== The data

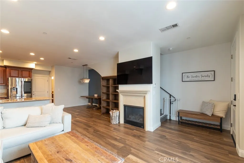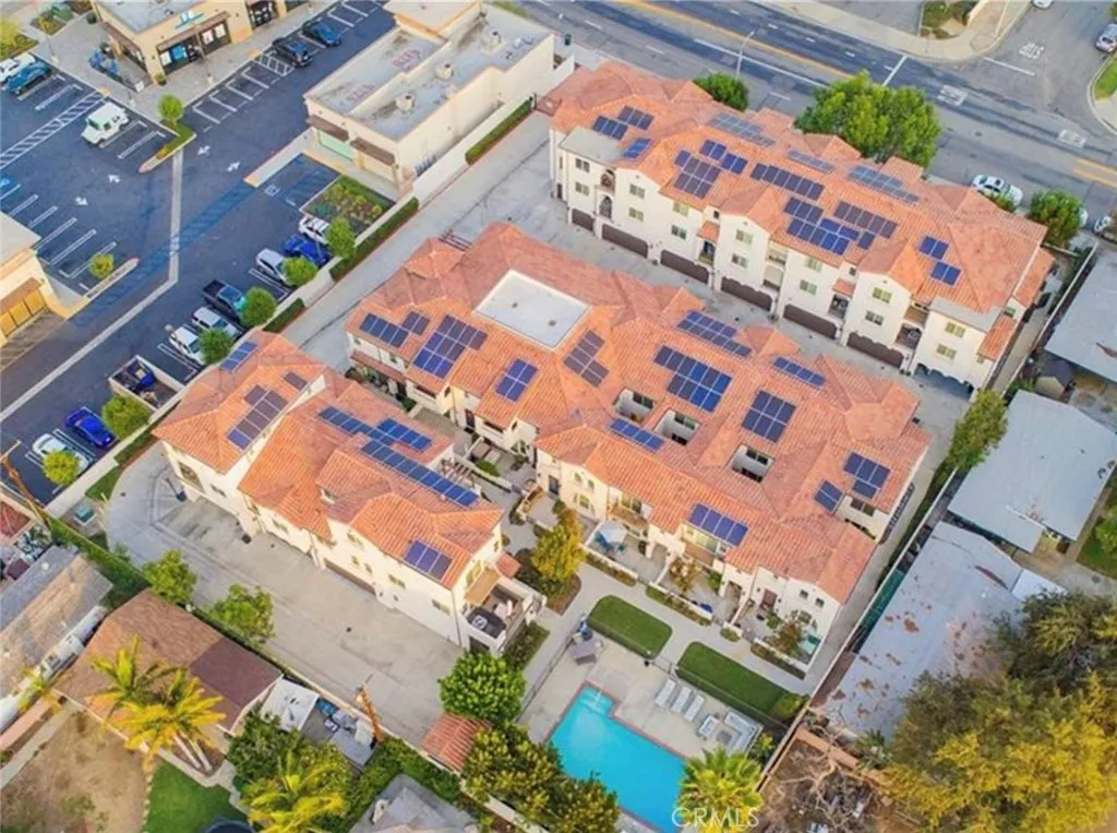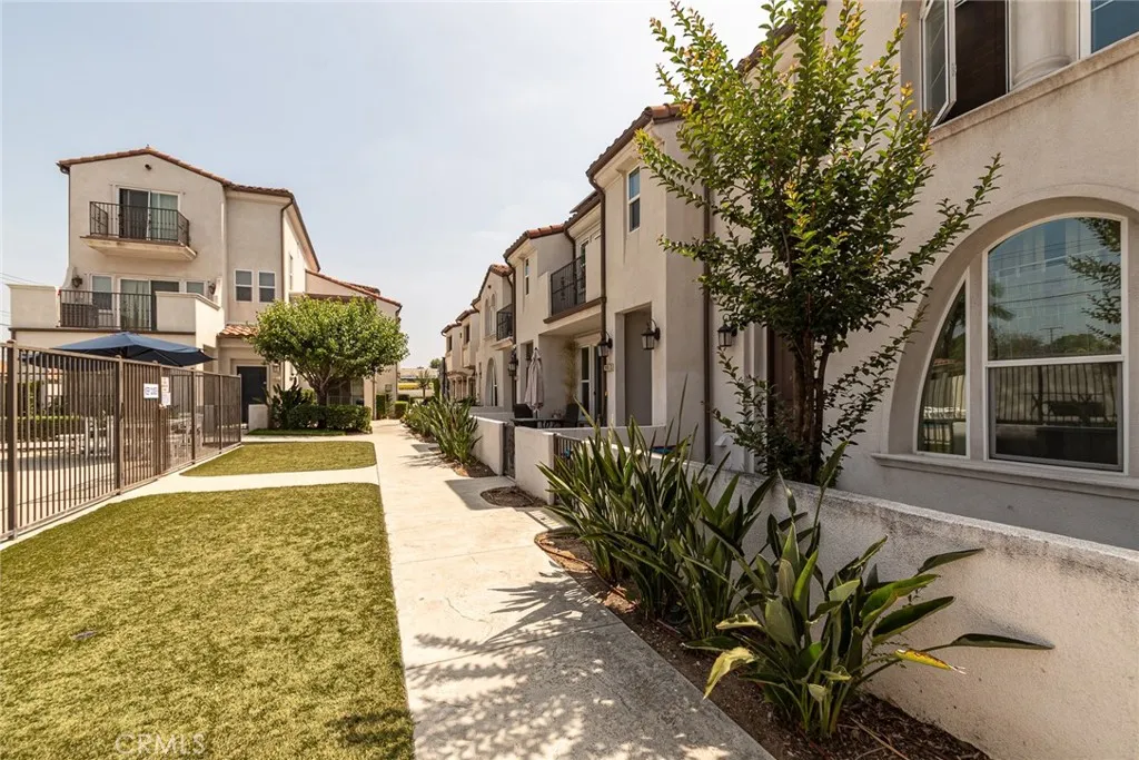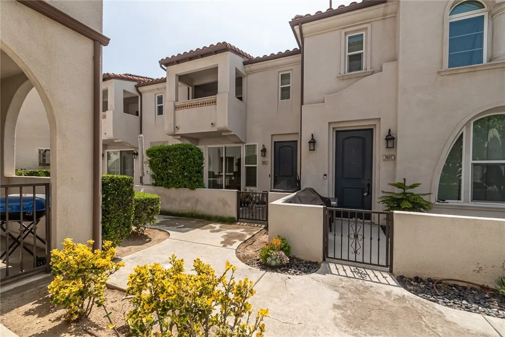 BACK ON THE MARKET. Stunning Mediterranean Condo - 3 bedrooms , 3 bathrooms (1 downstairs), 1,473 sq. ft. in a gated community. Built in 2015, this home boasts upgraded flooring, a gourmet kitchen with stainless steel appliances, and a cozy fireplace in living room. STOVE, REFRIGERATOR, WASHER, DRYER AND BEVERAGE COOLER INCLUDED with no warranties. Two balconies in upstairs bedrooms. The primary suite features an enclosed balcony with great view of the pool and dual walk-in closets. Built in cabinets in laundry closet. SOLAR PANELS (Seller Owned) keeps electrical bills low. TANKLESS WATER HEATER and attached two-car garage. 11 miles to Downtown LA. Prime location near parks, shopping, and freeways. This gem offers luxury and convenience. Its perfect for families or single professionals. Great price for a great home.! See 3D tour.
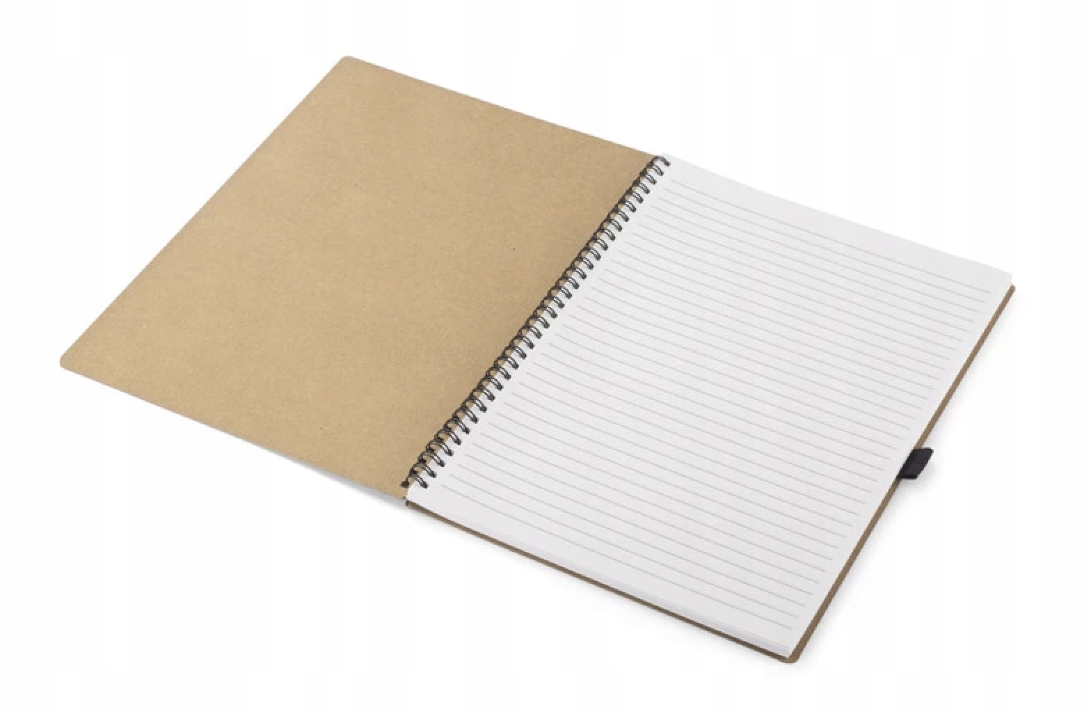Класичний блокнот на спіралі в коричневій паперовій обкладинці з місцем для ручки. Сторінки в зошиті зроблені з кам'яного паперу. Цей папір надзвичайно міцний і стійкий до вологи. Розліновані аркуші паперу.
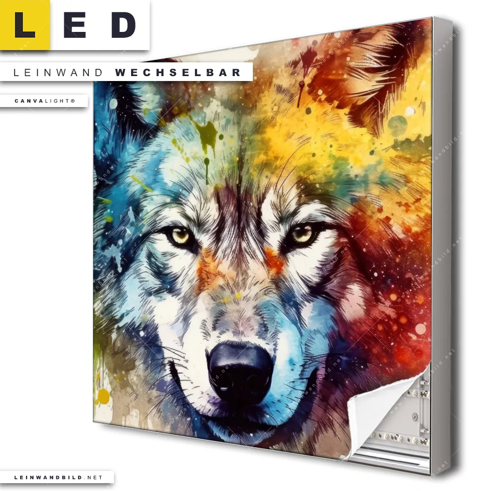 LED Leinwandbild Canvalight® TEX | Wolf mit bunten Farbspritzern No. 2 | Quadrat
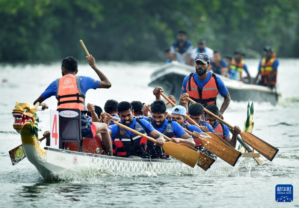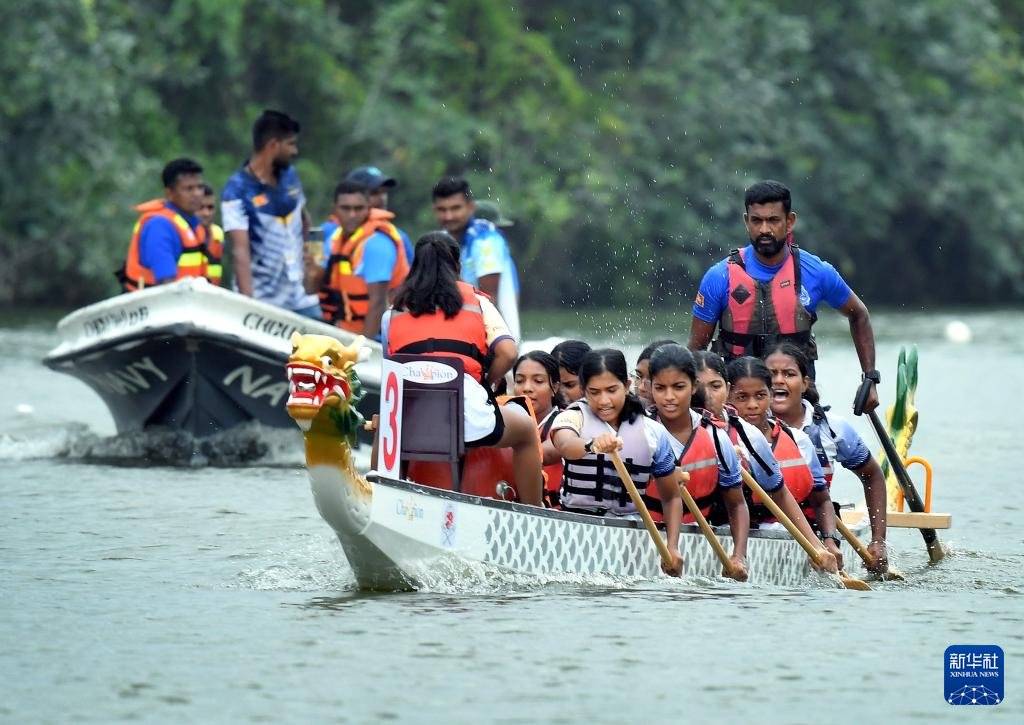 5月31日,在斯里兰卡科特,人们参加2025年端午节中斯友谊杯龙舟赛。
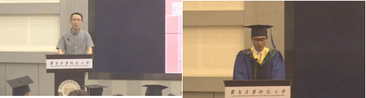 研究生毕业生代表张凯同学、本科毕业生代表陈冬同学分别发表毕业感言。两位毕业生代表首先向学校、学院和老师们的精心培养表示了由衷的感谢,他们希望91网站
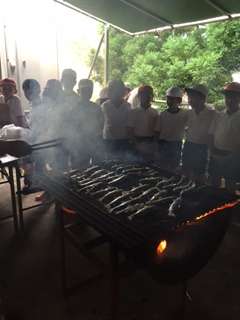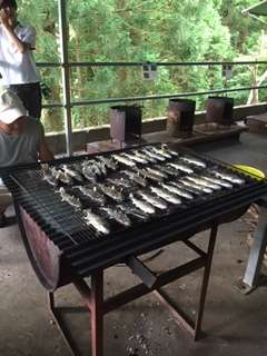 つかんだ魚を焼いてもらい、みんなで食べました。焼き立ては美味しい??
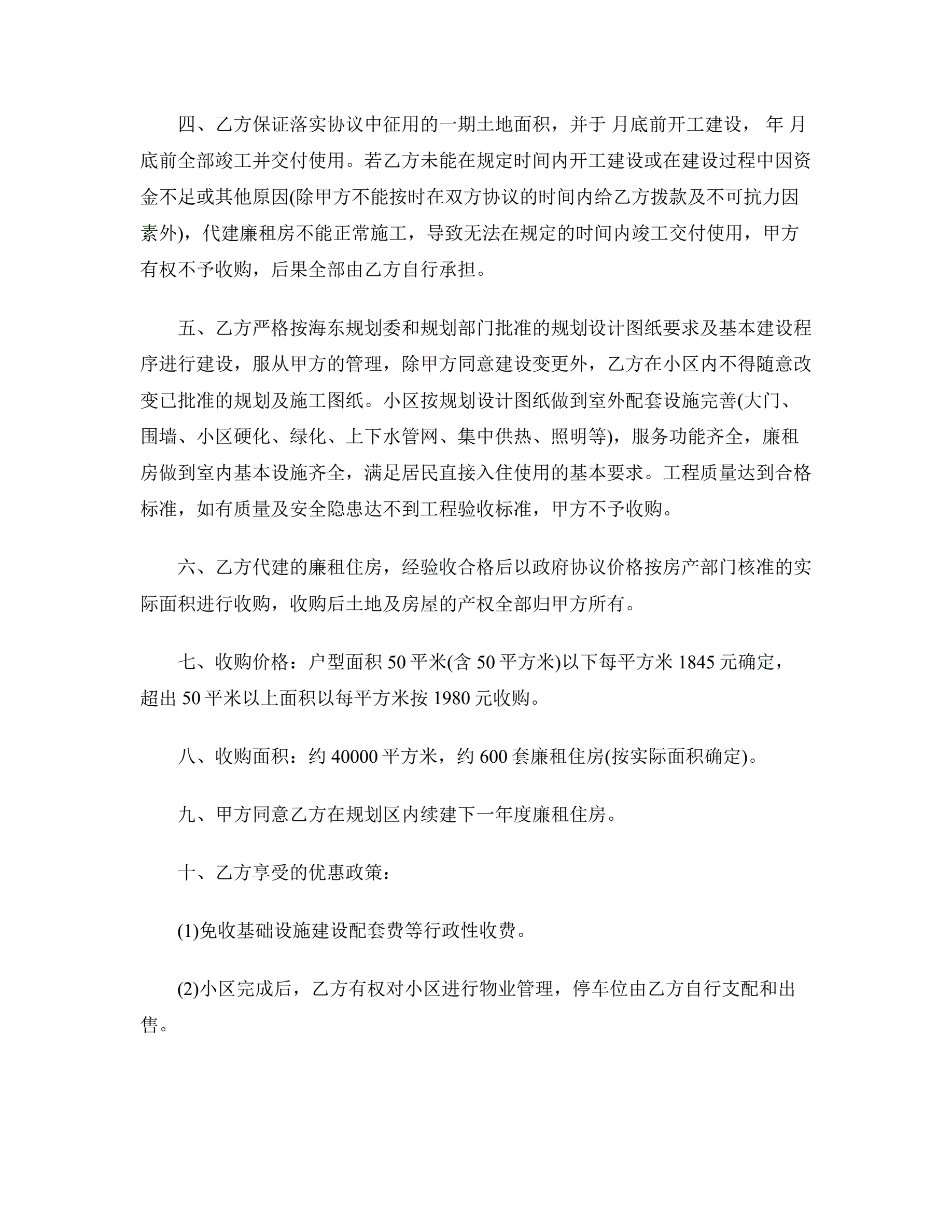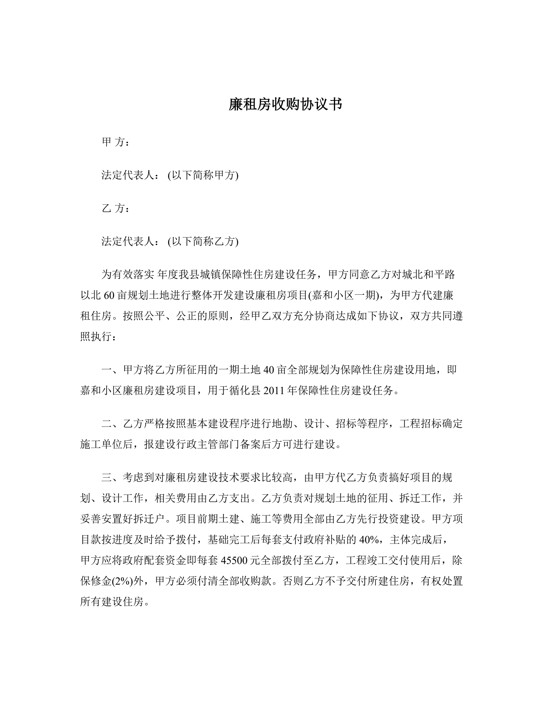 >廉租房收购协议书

====

→ **Task brief**
An exact copy of every line above is needed, without the images.

→ **Written solution**
 BACK ON THE MARKET. Stunning Mediterranean Condo - 3 bedrooms , 3 bathrooms (1 downstairs), 1,473 sq. ft. in a gated community. Built in 2015, this home boasts upgraded flooring, a gourmet kitchen with stainless steel appliances, and a cozy fireplace in living room. STOVE, REFRIGERATOR, WASHER, DRYER AND BEVERAGE COOLER INCLUDED with no warranties. Two balconies in upstairs bedrooms. The primary suite features an enclosed balcony with great view of the pool and dual walk-in closets. Built in cabinets in laundry closet. SOLAR PANELS (Seller Owned) keeps electrical bills low. TANKLESS WATER HEATER and attached two-car garage. 11 miles to Downtown LA. Prime location near parks, shopping, and freeways. This gem offers luxury and convenience. Its perfect for families or single professionals. Great price for a great home.! See 3D tour.
Класичний блокнот на спіралі в коричневій паперовій обкладинці з місцем для ручки. Сторінки в зошиті зроблені з кам'яного паперу. Цей папір надзвичайно міцний і стійкий до вологи. Розліновані аркуші паперу.
 LED Leinwandbild Canvalight® TEX | Wolf mit bunten Farbspritzern No. 2 | Quadrat
 5月31日,在斯里兰卡科特,人们参加2025年端午节中斯友谊杯龙舟赛。
 研究生毕业生代表张凯同学、本科毕业生代表陈冬同学分别发表毕业感言。两位毕业生代表首先向学校、学院和老师们的精心培养表示了由衷的感谢,他们希望91网站
 つかんだ魚を焼いてもらい、みんなで食べました。焼き立ては美味しい??
 >廉租房收购协议书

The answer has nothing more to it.